# Task to carry out
Restate verbatim the span of lines below between the line with "Auch Entspannung musste zwischendurch sein." and the line with "Das Team war", including those two lines, and only that span.

# Data shown
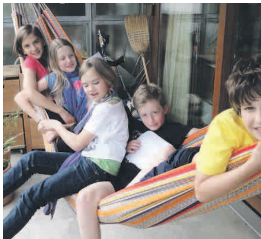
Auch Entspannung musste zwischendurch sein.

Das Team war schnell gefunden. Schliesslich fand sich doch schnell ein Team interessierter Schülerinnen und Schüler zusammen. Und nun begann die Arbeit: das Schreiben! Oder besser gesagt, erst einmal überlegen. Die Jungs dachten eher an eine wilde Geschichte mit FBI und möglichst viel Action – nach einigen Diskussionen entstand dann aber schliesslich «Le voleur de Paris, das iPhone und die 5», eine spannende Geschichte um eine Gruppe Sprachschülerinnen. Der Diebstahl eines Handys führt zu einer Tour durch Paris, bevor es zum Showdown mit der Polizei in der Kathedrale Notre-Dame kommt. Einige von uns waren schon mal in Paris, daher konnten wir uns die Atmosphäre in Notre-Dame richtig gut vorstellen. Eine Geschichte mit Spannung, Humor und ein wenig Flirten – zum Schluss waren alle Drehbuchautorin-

--

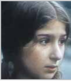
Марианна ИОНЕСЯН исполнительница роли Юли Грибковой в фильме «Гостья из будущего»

# Expected answer
Auch Entspannung musste zwischendurch sein.

Das Team war schnell gefunden. Schliesslich fand sich doch schnell ein Team interessierter Schülerinnen und Schüler zusammen. Und nun begann die Arbeit: das Schreiben! Oder besser gesagt, erst einmal überlegen. Die Jungs dachten eher an eine wilde Geschichte mit FBI und möglichst viel Action – nach einigen Diskussionen entstand dann aber schliesslich «Le voleur de Paris, das iPhone und die 5», eine spannende Geschichte um eine Gruppe Sprachschülerinnen. Der Diebstahl eines Handys führt zu einer Tour durch Paris, bevor es zum Showdown mit der Polizei in der Kathedrale Notre-Dame kommt. Einige von uns waren schon mal in Paris, daher konnten wir uns die Atmosphäre in Notre-Dame richtig gut vorstellen. Eine Geschichte mit Spannung, Humor und ein wenig Flirten – zum Schluss waren alle Drehbuchautorin-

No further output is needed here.